::: DATA TO PROCESS
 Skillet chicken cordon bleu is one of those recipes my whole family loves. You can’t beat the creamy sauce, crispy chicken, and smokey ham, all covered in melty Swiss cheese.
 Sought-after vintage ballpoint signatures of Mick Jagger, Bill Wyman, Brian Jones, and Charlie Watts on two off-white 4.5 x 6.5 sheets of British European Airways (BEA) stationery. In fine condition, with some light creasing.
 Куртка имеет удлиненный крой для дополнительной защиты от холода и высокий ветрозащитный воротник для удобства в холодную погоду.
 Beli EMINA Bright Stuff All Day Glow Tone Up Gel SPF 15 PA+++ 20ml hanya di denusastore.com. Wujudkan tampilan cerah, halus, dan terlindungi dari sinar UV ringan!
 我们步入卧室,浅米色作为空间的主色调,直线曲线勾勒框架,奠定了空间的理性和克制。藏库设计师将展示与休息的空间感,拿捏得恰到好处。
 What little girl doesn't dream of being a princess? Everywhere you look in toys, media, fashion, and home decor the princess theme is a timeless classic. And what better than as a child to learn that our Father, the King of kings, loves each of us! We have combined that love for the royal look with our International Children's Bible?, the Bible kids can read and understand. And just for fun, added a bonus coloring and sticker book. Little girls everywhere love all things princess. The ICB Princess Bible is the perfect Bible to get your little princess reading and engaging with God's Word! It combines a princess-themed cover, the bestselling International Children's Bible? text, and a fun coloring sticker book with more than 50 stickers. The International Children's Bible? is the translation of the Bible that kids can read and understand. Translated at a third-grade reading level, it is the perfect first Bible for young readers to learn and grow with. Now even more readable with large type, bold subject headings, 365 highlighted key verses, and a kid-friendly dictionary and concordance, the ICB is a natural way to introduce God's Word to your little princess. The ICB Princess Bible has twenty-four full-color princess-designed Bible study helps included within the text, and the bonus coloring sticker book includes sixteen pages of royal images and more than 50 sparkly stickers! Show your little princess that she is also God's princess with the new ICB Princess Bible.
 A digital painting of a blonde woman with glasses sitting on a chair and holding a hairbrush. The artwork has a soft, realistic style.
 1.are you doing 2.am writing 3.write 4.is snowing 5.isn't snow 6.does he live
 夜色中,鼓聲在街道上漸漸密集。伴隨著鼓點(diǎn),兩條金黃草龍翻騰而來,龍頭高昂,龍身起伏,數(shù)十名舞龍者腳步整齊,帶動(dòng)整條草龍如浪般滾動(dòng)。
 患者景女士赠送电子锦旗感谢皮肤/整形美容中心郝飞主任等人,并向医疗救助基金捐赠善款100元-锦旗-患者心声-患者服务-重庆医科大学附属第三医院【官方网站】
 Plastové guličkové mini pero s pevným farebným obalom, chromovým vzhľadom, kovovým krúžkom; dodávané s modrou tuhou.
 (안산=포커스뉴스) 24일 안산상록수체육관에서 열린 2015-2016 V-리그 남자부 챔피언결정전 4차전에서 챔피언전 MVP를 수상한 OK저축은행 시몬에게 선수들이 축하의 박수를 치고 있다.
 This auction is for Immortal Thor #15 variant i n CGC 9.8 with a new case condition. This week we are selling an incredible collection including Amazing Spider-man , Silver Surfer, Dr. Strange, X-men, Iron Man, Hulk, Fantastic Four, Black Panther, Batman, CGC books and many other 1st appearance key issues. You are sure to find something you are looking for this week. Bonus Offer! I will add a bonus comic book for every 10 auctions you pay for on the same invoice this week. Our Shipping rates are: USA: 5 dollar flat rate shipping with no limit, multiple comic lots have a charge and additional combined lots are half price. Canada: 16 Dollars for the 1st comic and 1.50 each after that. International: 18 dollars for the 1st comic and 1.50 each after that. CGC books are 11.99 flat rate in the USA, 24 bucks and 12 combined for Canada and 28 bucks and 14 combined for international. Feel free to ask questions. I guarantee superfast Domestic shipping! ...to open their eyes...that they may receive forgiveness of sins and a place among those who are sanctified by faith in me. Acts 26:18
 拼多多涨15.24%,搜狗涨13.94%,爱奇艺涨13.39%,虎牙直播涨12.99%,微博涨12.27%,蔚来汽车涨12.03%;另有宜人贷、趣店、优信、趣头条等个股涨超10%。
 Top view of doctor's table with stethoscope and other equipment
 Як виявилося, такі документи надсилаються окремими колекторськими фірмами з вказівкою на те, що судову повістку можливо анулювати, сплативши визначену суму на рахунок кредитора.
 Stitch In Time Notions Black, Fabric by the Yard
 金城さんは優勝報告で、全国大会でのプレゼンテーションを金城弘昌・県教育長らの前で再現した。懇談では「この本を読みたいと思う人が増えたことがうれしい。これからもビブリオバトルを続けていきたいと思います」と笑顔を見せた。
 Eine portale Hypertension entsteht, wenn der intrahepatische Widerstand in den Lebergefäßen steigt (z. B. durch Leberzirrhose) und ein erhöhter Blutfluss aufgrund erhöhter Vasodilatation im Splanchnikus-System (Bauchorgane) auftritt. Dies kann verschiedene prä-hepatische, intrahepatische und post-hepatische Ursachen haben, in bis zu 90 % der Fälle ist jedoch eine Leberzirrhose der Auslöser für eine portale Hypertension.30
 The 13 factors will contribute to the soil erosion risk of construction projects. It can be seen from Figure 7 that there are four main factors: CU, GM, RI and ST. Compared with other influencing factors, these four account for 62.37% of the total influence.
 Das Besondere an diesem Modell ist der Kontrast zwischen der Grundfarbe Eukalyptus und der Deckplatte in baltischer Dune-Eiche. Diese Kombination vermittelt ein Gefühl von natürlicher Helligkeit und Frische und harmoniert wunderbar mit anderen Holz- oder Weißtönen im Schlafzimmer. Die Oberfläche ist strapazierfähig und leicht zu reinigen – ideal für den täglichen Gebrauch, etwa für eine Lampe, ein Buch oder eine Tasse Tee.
::::::
*TASK GOAL*:
Every record shown above should be given back exactly.

*SOLVED PROBLEM*:
 Skillet chicken cordon bleu is one of those recipes my whole family loves. You can’t beat the creamy sauce, crispy chicken, and smokey ham, all covered in melty Swiss cheese.
 Sought-after vintage ballpoint signatures of Mick Jagger, Bill Wyman, Brian Jones, and Charlie Watts on two off-white 4.5 x 6.5 sheets of British European Airways (BEA) stationery. In fine condition, with some light creasing.
 Куртка имеет удлиненный крой для дополнительной защиты от холода и высокий ветрозащитный воротник для удобства в холодную погоду.
 Beli EMINA Bright Stuff All Day Glow Tone Up Gel SPF 15 PA+++ 20ml hanya di denusastore.com. Wujudkan tampilan cerah, halus, dan terlindungi dari sinar UV ringan!
 我们步入卧室,浅米色作为空间的主色调,直线曲线勾勒框架,奠定了空间的理性和克制。藏库设计师将展示与休息的空间感,拿捏得恰到好处。
 What little girl doesn't dream of being a princess? Everywhere you look in toys, media, fashion, and home decor the princess theme is a timeless classic. And what better than as a child to learn that our Father, the King of kings, loves each of us! We have combined that love for the royal look with our International Children's Bible?, the Bible kids can read and understand. And just for fun, added a bonus coloring and sticker book. Little girls everywhere love all things princess. The ICB Princess Bible is the perfect Bible to get your little princess reading and engaging with God's Word! It combines a princess-themed cover, the bestselling International Children's Bible? text, and a fun coloring sticker book with more than 50 stickers. The International Children's Bible? is the translation of the Bible that kids can read and understand. Translated at a third-grade reading level, it is the perfect first Bible for young readers to learn and grow with. Now even more readable with large type, bold subject headings, 365 highlighted key verses, and a kid-friendly dictionary and concordance, the ICB is a natural way to introduce God's Word to your little princess. The ICB Princess Bible has twenty-four full-color princess-designed Bible study helps included within the text, and the bonus coloring sticker book includes sixteen pages of royal images and more than 50 sparkly stickers! Show your little princess that she is also God's princess with the new ICB Princess Bible.
 A digital painting of a blonde woman with glasses sitting on a chair and holding a hairbrush. The artwork has a soft, realistic style.
 1.are you doing 2.am writing 3.write 4.is snowing 5.isn't snow 6.does he live
 夜色中,鼓聲在街道上漸漸密集。伴隨著鼓點(diǎn),兩條金黃草龍翻騰而來,龍頭高昂,龍身起伏,數(shù)十名舞龍者腳步整齊,帶動(dòng)整條草龍如浪般滾動(dòng)。
 患者景女士赠送电子锦旗感谢皮肤/整形美容中心郝飞主任等人,并向医疗救助基金捐赠善款100元-锦旗-患者心声-患者服务-重庆医科大学附属第三医院【官方网站】
 Plastové guličkové mini pero s pevným farebným obalom, chromovým vzhľadom, kovovým krúžkom; dodávané s modrou tuhou.
 (안산=포커스뉴스) 24일 안산상록수체육관에서 열린 2015-2016 V-리그 남자부 챔피언결정전 4차전에서 챔피언전 MVP를 수상한 OK저축은행 시몬에게 선수들이 축하의 박수를 치고 있다.
 This auction is for Immortal Thor #15 variant i n CGC 9.8 with a new case condition. This week we are selling an incredible collection including Amazing Spider-man , Silver Surfer, Dr. Strange, X-men, Iron Man, Hulk, Fantastic Four, Black Panther, Batman, CGC books and many other 1st appearance key issues. You are sure to find something you are looking for this week. Bonus Offer! I will add a bonus comic book for every 10 auctions you pay for on the same invoice this week. Our Shipping rates are: USA: 5 dollar flat rate shipping with no limit, multiple comic lots have a charge and additional combined lots are half price. Canada: 16 Dollars for the 1st comic and 1.50 each after that. International: 18 dollars for the 1st comic and 1.50 each after that. CGC books are 11.99 flat rate in the USA, 24 bucks and 12 combined for Canada and 28 bucks and 14 combined for international. Feel free to ask questions. I guarantee superfast Domestic shipping! ...to open their eyes...that they may receive forgiveness of sins and a place among those who are sanctified by faith in me. Acts 26:18
 拼多多涨15.24%,搜狗涨13.94%,爱奇艺涨13.39%,虎牙直播涨12.99%,微博涨12.27%,蔚来汽车涨12.03%;另有宜人贷、趣店、优信、趣头条等个股涨超10%。
 Top view of doctor's table with stethoscope and other equipment
 Як виявилося, такі документи надсилаються окремими колекторськими фірмами з вказівкою на те, що судову повістку можливо анулювати, сплативши визначену суму на рахунок кредитора.
 Stitch In Time Notions Black, Fabric by the Yard
 金城さんは優勝報告で、全国大会でのプレゼンテーションを金城弘昌・県教育長らの前で再現した。懇談では「この本を読みたいと思う人が増えたことがうれしい。これからもビブリオバトルを続けていきたいと思います」と笑顔を見せた。
 Eine portale Hypertension entsteht, wenn der intrahepatische Widerstand in den Lebergefäßen steigt (z. B. durch Leberzirrhose) und ein erhöhter Blutfluss aufgrund erhöhter Vasodilatation im Splanchnikus-System (Bauchorgane) auftritt. Dies kann verschiedene prä-hepatische, intrahepatische und post-hepatische Ursachen haben, in bis zu 90 % der Fälle ist jedoch eine Leberzirrhose der Auslöser für eine portale Hypertension.30
 The 13 factors will contribute to the soil erosion risk of construction projects. It can be seen from Figure 7 that there are four main factors: CU, GM, RI and ST. Compared with other influencing factors, these four account for 62.37% of the total influence.
 Das Besondere an diesem Modell ist der Kontrast zwischen der Grundfarbe Eukalyptus und der Deckplatte in baltischer Dune-Eiche. Diese Kombination vermittelt ein Gefühl von natürlicher Helligkeit und Frische und harmoniert wunderbar mit anderen Holz- oder Weißtönen im Schlafzimmer. Die Oberfläche ist strapazierfähig und leicht zu reinigen – ideal für den täglichen Gebrauch, etwa für eine Lampe, ein Buch oder eine Tasse Tee.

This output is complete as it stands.